Publicada en Revista Capital, 10 de julio de 2017 y en La Segunda, 5 de agosto de 2017
Chile emite un modesto 0,22% de las emisiones totales de gases de efecto invernadero. Ante tan magra cifra, son muchos los empresarios, políticos y editorialistas que argumentan que no debiésemos preocuparnos mayormente del asunto. Hagamos lo que hagamos, sostienen, nuestro esfuerzo no será suficiente para inclinar la balanza global. A su juicio, esta es una pelea de perros grandes –China, Estados Unidos, India- y no tiene sentido que pongamos en riesgo nuestra competitividad si de todo modos no haremos una diferencia.
Es cierto que cualesquiera metas de reducción que nos fijemos serán insuficientes para reflejarse en los balances globales, pero concluir a partir de ello que podemos eximirnos de las metas es falaz por al menos dos razones.
La primera es que, desde un punto de vista atmosférico, lo que se llama Chile no es más que una frontera política arbitraria. A ojos de la atmósfera, no hay países ni entidades políticas, solo chimeneas, tubos de escape y áreas de deforestación distribuidas a lo largo del globo. Si con el pretexto de nuestra participación minoritaria en el concierto internacional nos excusáramos de cualquier meta de reducción, toda unidad geográfica podría buscar su propia esfera de pertenencia respecto de la cual representa una proporción minoritaria.
Por ejemplo, Estados Unidos es el segundo emisor mundial, pero un ciudadano de Alabama podría argumentar que su estado emite tan sólo el 0,2% mundial. Podría también sostener que la verdadera responsabilidad la tienen los estados industriales del noreste y los petroleros del sur. A su turno, un ciudadano de Austin Texas podría esgrimir que su comunidad, una ciudad universitaria y de servicios, representa una fracción menor dentro de Texas. La verdadera madre del cordero, a su modo de ver, yace en núcleos industriales como Houston. Dentro de Houston, las industrias livianas podrán achacar la carga a las petroquímicas, y suma y sigue. Toda entidad política podría buscar “eximición” como parte de alguna fracción minoritaria a la que pertenece.
La segunda razón es análoga a la réplica habitual a la idea de que no vale la pena votar porque nuestro sufragio es tan solo uno más entre millones: “imagina que todos hicieran lo mismo”. Aunque con una diferencia: en el caso de las emisiones de gases de efecto invernadero, sí es cierto. En una elección, nuestro voto muy difícilmente será dirimente. Es muy importante votar, pero no por su impacto propiamente electoral. Ese hipotético “imagina que todos hicieran lo mismo” no es la encrucijada real a la que se enfrenta quien prefiere permanecer en la comodidad de su sofá ese domingo en la mañana. Vote o no vote, el ganador será el mismo. El “imagina” no cambia nada.

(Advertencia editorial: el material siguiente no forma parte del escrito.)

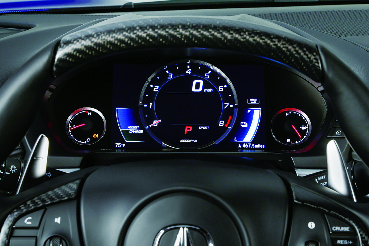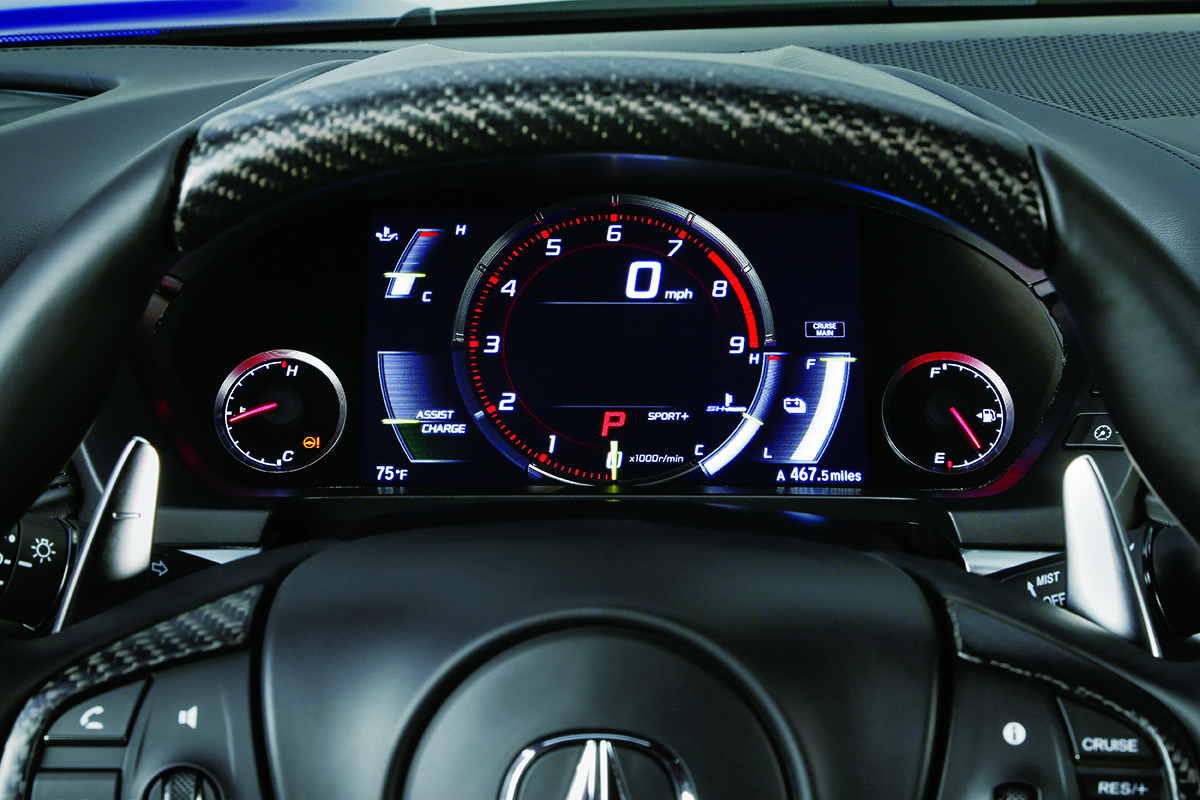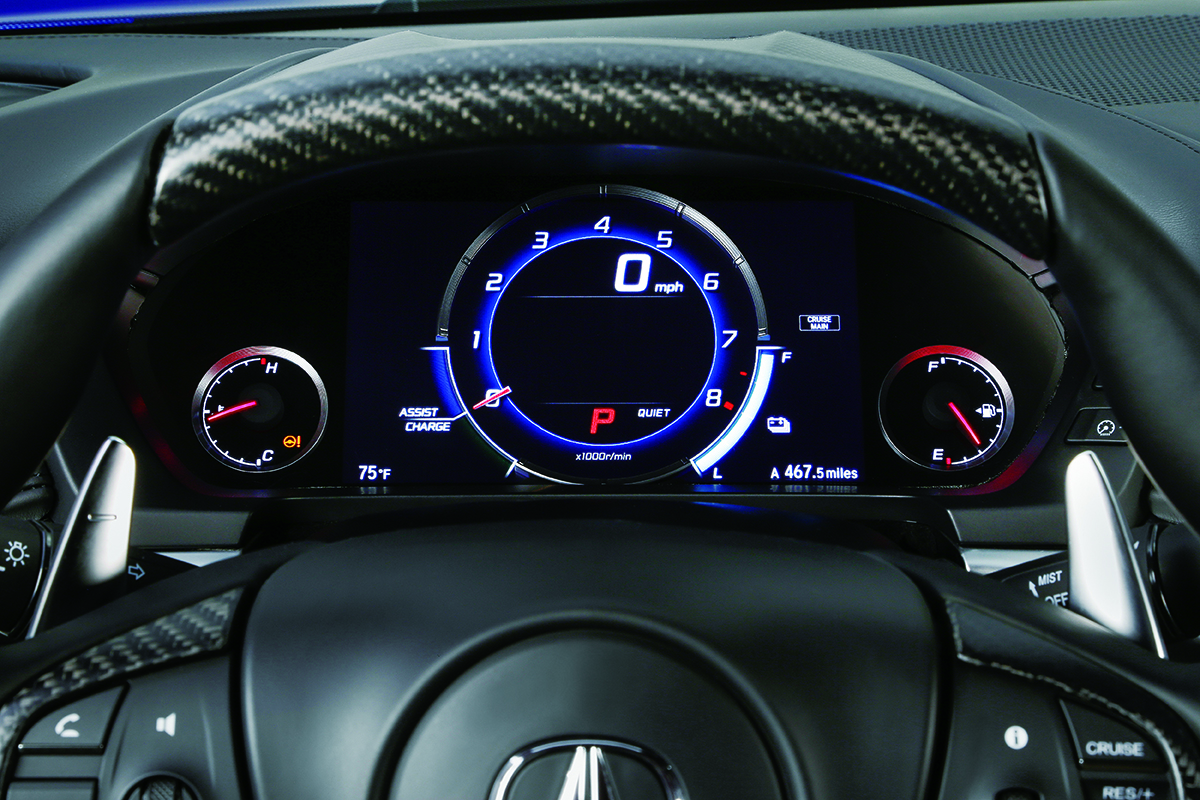 | NSX採用數位式儀錶,中央轉速錶可隨IDS不同模式改變顏色來提醒駕駛者。三幅多功能方向盤後方則配有換檔撥片(右升左降)。 |

En el caso de las emisiones, por el contrario, cada gramo de carbono evitado es un gramo menos en la atmósfera. No es ética teórica, no es una disquisición filosófica, es balance de masa puro y duro. Y es en el sentido más físico posible que la composición de la atmósfera resulta de la suma de millones de decisiones individuales. Así las cosas, en La Ruta Natural creemos que lo que vale a nivel personal, lo vale a nivel familiar, vecinal y, desde luego, nacional.